WHAT TO WORK ON -
Repeat everything in the data exactly except images.

DATA SHOWN -

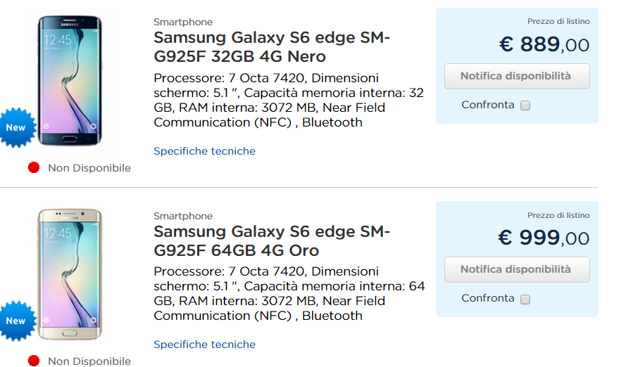 Questa mattina sono stati avvistati sul portale della catena di elettronica Unieuro i prezzi italiani dei nuovi Galaxy S6: come abbiamo riportato, si parte da 739 Euro per la versione flat, mentre nelle ultime ore sono apparsi anche i primi prezzi della versione Edge.
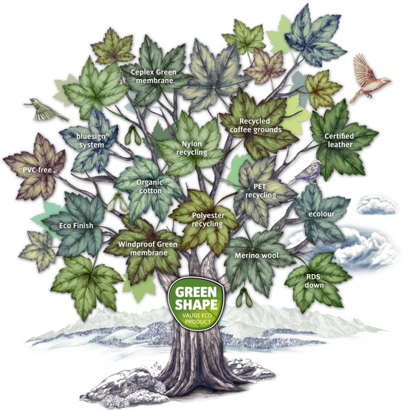 Európskou jednotkou medzi vyššie spomenutými firmami je v oblasti outdoorového vybavenia rozhodne Vaude. Na celosvetovej úrovni tomuto pomyselnému trónu stále vládne Patagonia, avšak nedá sa prehliadnuť, že aj Vaude má veľmi slušne našliapnuté. Ak vezmeme do úvahy, že v porovnaní práve s Patagoniou ide o pomerne malú rodinnú firmu, sú ich snahy o to úctyhodnejšie. Tip: Skvelý prístup značky Patagonia si môžete pripomenúť v našom staršom článku. Pretože si predstavitelia firmy Vaude plne uvedomujú svoj diel zodpovednosti za našu spoločnú budúcnosť, je koncept Green Shape ich poznávacím znamením už niekoľko rokov. Čo to znamená v praxi? Minimálne 90 % použitých materiálov je možné označiť za ekologické a šetrné k životnému prostrediu. Dôraz je kladený ako na zdroj tohto materiálu, tak aj na jeho spracovanie a následnú možnosť recyklácie či rozložiteľnosť. S tým úzko súvisí aj spolupráca so systémom BlueSign, ktorý ekologicky šetrný spôsob výroby kontroluje a garantuje.
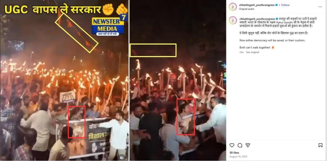 Another reverse image search using keyframes from the video showing protesters holding up torches and placards led to similar footage shared on Instagram by the Chhattisgarh Youth Congress on August 14, 2025 (archived link).

ANSWER FOR THE TASK -
 Questa mattina sono stati avvistati sul portale della catena di elettronica Unieuro i prezzi italiani dei nuovi Galaxy S6: come abbiamo riportato, si parte da 739 Euro per la versione flat, mentre nelle ultime ore sono apparsi anche i primi prezzi della versione Edge.
 Európskou jednotkou medzi vyššie spomenutými firmami je v oblasti outdoorového vybavenia rozhodne Vaude. Na celosvetovej úrovni tomuto pomyselnému trónu stále vládne Patagonia, avšak nedá sa prehliadnuť, že aj Vaude má veľmi slušne našliapnuté. Ak vezmeme do úvahy, že v porovnaní práve s Patagoniou ide o pomerne malú rodinnú firmu, sú ich snahy o to úctyhodnejšie. Tip: Skvelý prístup značky Patagonia si môžete pripomenúť v našom staršom článku. Pretože si predstavitelia firmy Vaude plne uvedomujú svoj diel zodpovednosti za našu spoločnú budúcnosť, je koncept Green Shape ich poznávacím znamením už niekoľko rokov. Čo to znamená v praxi? Minimálne 90 % použitých materiálov je možné označiť za ekologické a šetrné k životnému prostrediu. Dôraz je kladený ako na zdroj tohto materiálu, tak aj na jeho spracovanie a následnú možnosť recyklácie či rozložiteľnosť. S tým úzko súvisí aj spolupráca so systémom BlueSign, ktorý ekologicky šetrný spôsob výroby kontroluje a garantuje.
 Another reverse image search using keyframes from the video showing protesters holding up torches and placards led to similar footage shared on Instagram by the Chhattisgarh Youth Congress on August 14, 2025 (archived link).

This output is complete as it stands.